Finally, infectious diseases are becoming more common, as are vector-borne diseases such as Ross River fever and zoonotic diseases, which are spread from animals to humans.

What does the future hold?

The report notes that since the first commission six years ago, emissions have risen beyond the “worst case scenario”.

Without mitigation, the authors warn “large-scale disruptions to the climate system” (not currently included in climate modelling and impact assessments) could “trigger a discontinuity in the long-term progression of humanity”.

In lay terms, they mean “wipe us out”.

At the very least, or at least put another way, the authors suggest likely temperature rises may be “incompatible with an organised global community”.

A prescription for action

Cutting emissions, the commission says, will limit health damages, as well as bring important health improvements associated with improved air quality, increased mobility from better public transport, and better physical and mental health from greener spaces and more energy efficient homes.

There is no need to wait. The commission says it is technically feasible to transition to low-carbon infrastructure now. The technologies have been available for at least 40 years, and some since the 19th century.

The financial savings associated with avoided ill-health and productivity gains can outstrip the costs of implementing emissions-reduction strategies. TCDavis/Flickr, CC BY-NC-ND

There is potentially significant economic savings associated with the health benefits of climate policies. One study suggests savings from avoided ill-health arising from the implementation of an emissions trading scheme could return up to ten times the cost of implementation.

Policies to achieve this must include carbon pricing, the commission argues – either carbon taxes or emission trading schemes. Where these are not appropriate, it recommends taxes on energy products.
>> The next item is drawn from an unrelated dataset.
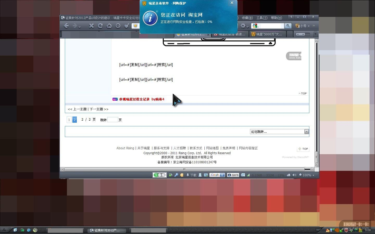 最后一点,去掉“安全资讯”模块,新增“云安全”模块和“瑞星账户”模块。安全资讯这功能“食之无味,弃之可惜”,去掉之后,至少感觉专业了不少,不知各位是否有同感?但安全资讯有时候也有用,比如这次公测,就可以通过这窗口来宣传,那么去掉之后,再想其他办法来弥补吧。新增的“云安全”模块,我提了挺多次了,希望让用户看到更加详实的云安全!而“瑞星账户模块”,就是要显示当前用户的账户信息,包括成长值、等级、特权介绍等等。如此培养用户之后,瑞星若再推出更高等级的收费服务,也容易顺理成章!望瑞星仔细考虑之。受时间所限,就写到这里了。
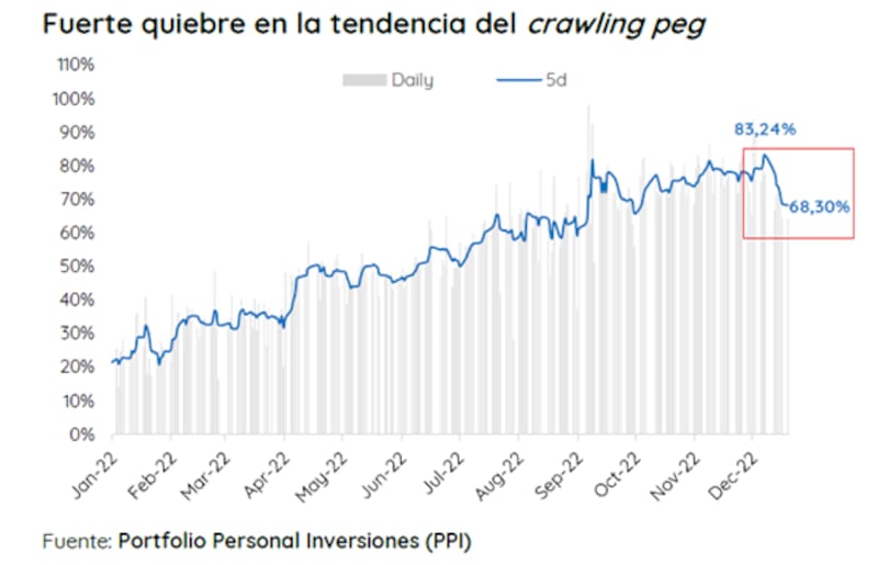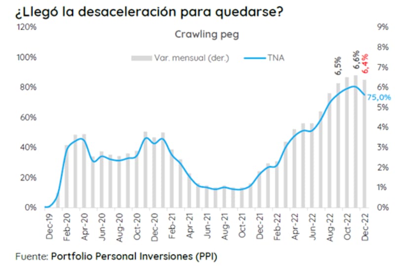 Con una visión similar, desde Portfolio Personal Inversiones (PPI) afirmaron que el crawling peg viene desacelerándose sensiblemente en las últimas seis ruedas.

Feed-in tariffs (for electricity fed back to the grid) should drive renewable energy deployment, while perverse subsidies to fossil fuels should be abolished.

A key recommendation is the rapid phase out of coal – part of “an early and decisive policy package” to target emissions from the transport, agriculture and energy sectors.

Timing is everything

In order to have a 66% likelihood of limiting global warming to less than 2°C, the remaining global carbon budget will be used up in the next 13 to 24 years.

As all good health professionals know, treatment is of most value when it addresses the cause – in this case, largely fossil fuels. Scaling of low-carbon technologies policy options is vital.

The commission doesn’t spell this out, but in order for global emissions to begin to fall, we must use our remaining carbon budget to make the switch to low-carbon technologies and resources. Doing so will create many new jobs, and help avoid expensive adaptation costs.

Questions for Australia

The Lancet commission makes a clear case for climate action based on health benefits alone. This raises important questions for the Australian government, which abolished the carbon price, wound back policies to support renewable energy, and committed to supporting coal as an energy source:

Why is it failing to protect the health of Australians from this very serious threat? And why are the health benefits associated with climate policies not being factored into policy decisions, given the billions of dollars in savings for health budgets?

Australians should themselves be asking these questions, but at least now we know the Commission will also be listening for the answers.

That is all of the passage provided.